Nuts and bolts, I don’t see bioproduction being disfavored since it’s “hard to tame”. We’re getting a lot better at bending it to our will. I think it’s losing ground for reasons of metabolism and chemical environment. Biological systems grow up step by step and each step needs to take place in an environment that’s basically congenial to all the others, so you get complicated pathways that take place in mild conditions, and overall energetics that are the sum of many punishing overpotentials. And of course it can't handle compounds that can't form in water, at neutral pH, at STP, etc.
The energy story explains our long slow transition from biomaterials. The materials of the future have always been made out of energy. From copper to bronze to iron, from iron to Al and Mg, from mud to brick and stone to concrete, wood to engineered wood and plastic, cotton or rubber to nylon or synthetics, the materials future has been getting less about an investment of material and more about an investment of energy. And so biology’s advantages in distributed production and chemical complexity feel less relevant for making the materials the future is made from.
> Nuts and bolts, I don’t see bioproduction being disfavored since it’s “hard to tame”. We’re getting a lot better at bending it to our will.
Fair enough. People have suggested that bio is nice because the process to make something is already solved: just make a gene and transfect yeast. That's hard to do and you might get low yield or a nonfunctional product, but at least you don't have to worry about something like retrosynthesis.
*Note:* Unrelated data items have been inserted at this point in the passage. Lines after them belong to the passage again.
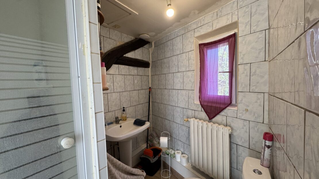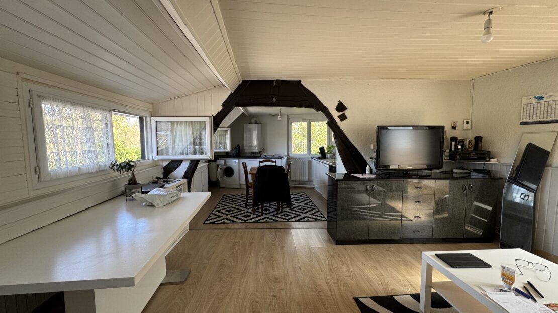 Cage d’escalier, entrée, séjour/salon, cuisine ouverte, chambre, dégagement et salle de douche avec WC.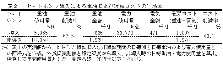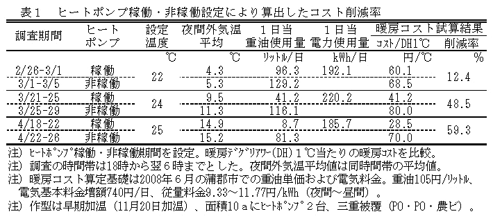 三重被覆した早期加温ハウスミカン栽培において、10馬力のヒートポンプを2台導入しハイブリッド運転することで、重油暖房のみと比較して重油は67.5%削減される。重油単価105円で、電気料金を含めて試算すると暖房コストは43.1%削減される。 |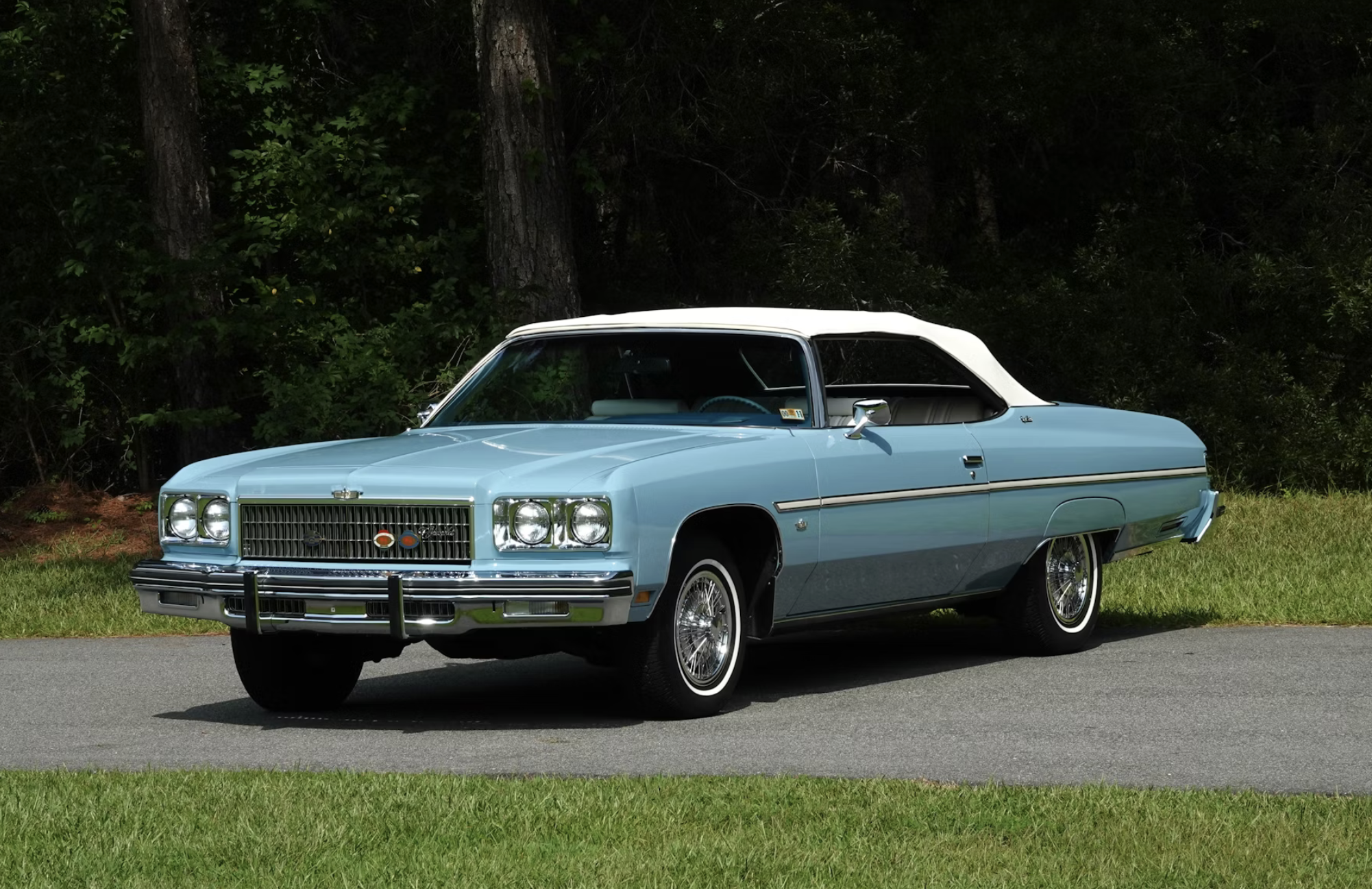 A remarkably preserved 1975 Chevrolet Caprice Classic Convertible has surfaced as one of the standout entries in this season’s Raleigh Classic Auction in Zebulon, North Carolina. Showing just 17,762 miles, the full-size convertible represents the final chapter of Chevrolet’s open-top heritage and one of the last true American cruisers of its kind.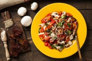 מצרכים: סלסלת עגבניות שרי, עדיף מזן תמר סלסלת פטריות שמפניון 15 עלי בזיליקום 8 עגבניות מיובשות 1/2 בצל סגול 10 ענפי עירית או 5 ענפי בצל ירוק או צרור עלי...

On the Chintapalli paper: excellent, I loved the note Orca posted on this topic (some discussion here: https://splittinginfinity.substack.com/p/links-14) so it's great that it's out in a more cite-able form. I'll give it a read!
When chemistry replaces biology it can feel promethean. Shun the legacy machinery, take our fates into our own hands. Cars so we don’t have to enslave horses to move around. Steel so we don’t need to wait for a forest to grow to build a bridge. Synthetic fertilizer to end our parasitism on bird poop etc.
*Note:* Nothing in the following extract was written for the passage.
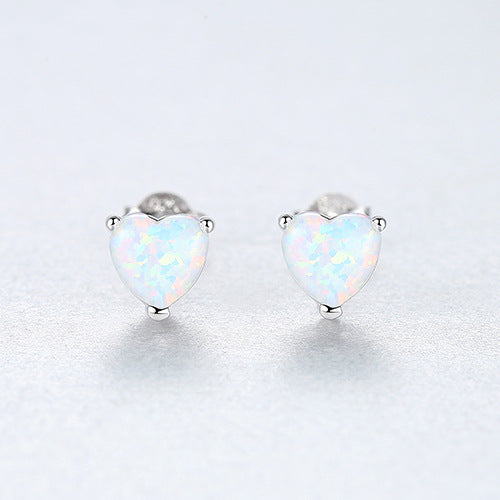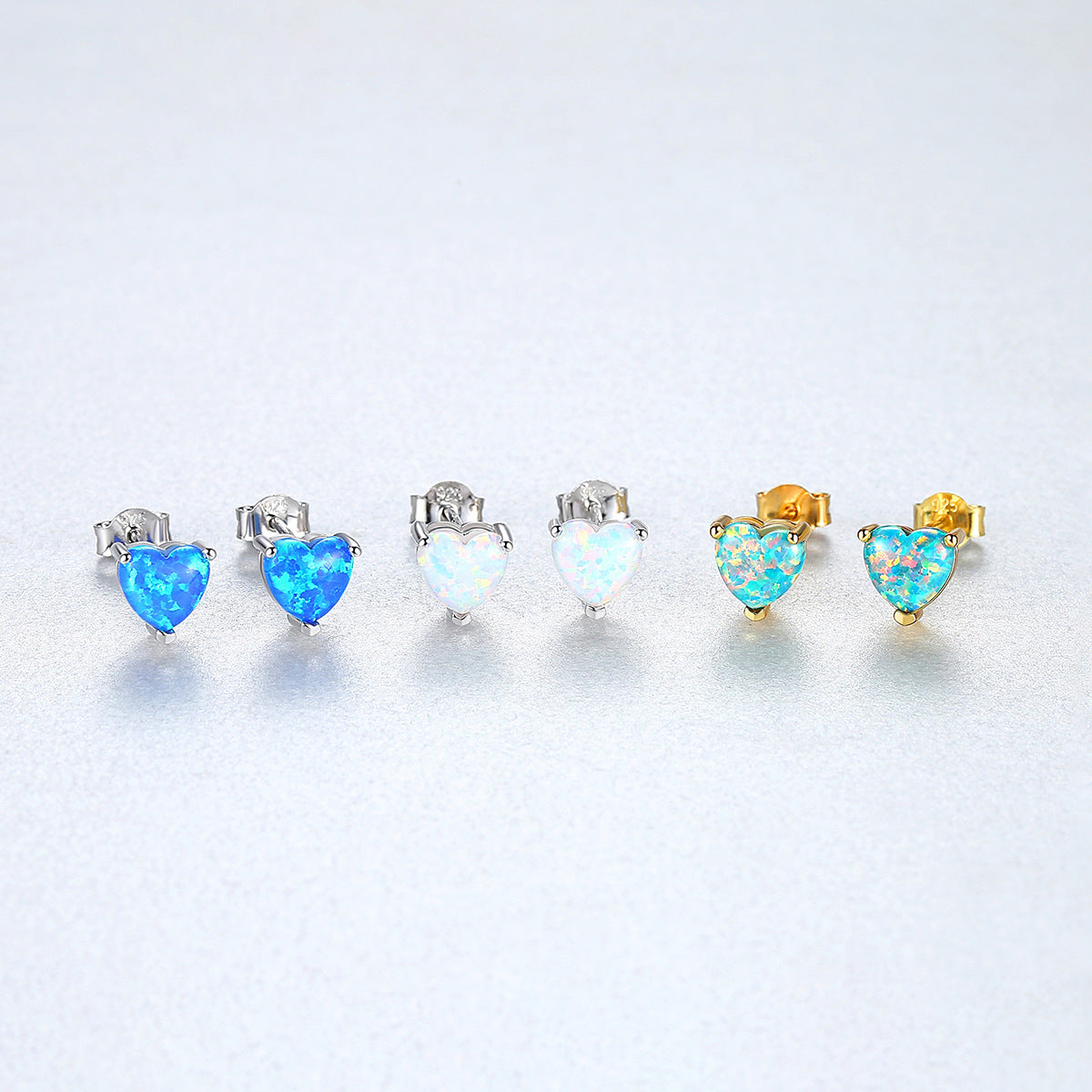 Aetolia 925 Sterling Silver Opal Earrings 3 Prong Cute Heart Opal Stud Earrings SE0240

The new biological technologies like enhanced agronomy or precision fermentation often seem about intensifying and fortifying our dependence on nature. Chemical technologies by contrast seem to be about cutting ties and going our own way.
The bio way fits with a lot of peoples biases about what’s natural and right. But with 10B people on planet earth, humans and livestock now the overwhelming majority of large land biomass, more than half the inhabitable surface of the planet cleared for our use, at some point this picture that we still exist as part of a natural system starts feeling fake. The spectre of Moloch is totally there but going our separate ways starts feeling like the kinder thing to do.
That's a great way to frame it: with the low efficiency of agriculture any system that feeds billions of people won't be very natural. Building a more efficient system feels icky but saves a lot of wildlife.
How about a chemical synthesis path where water containing the relevant chemicals is pushed through a porous substrate containing attached enzymes. A technique similar to how lactose free milk is made.
Like biosynthesis, but only using the parts of the cell you need and skipping out all the other stuff.
Yes! This is used for example when processing algae into algal biofuels.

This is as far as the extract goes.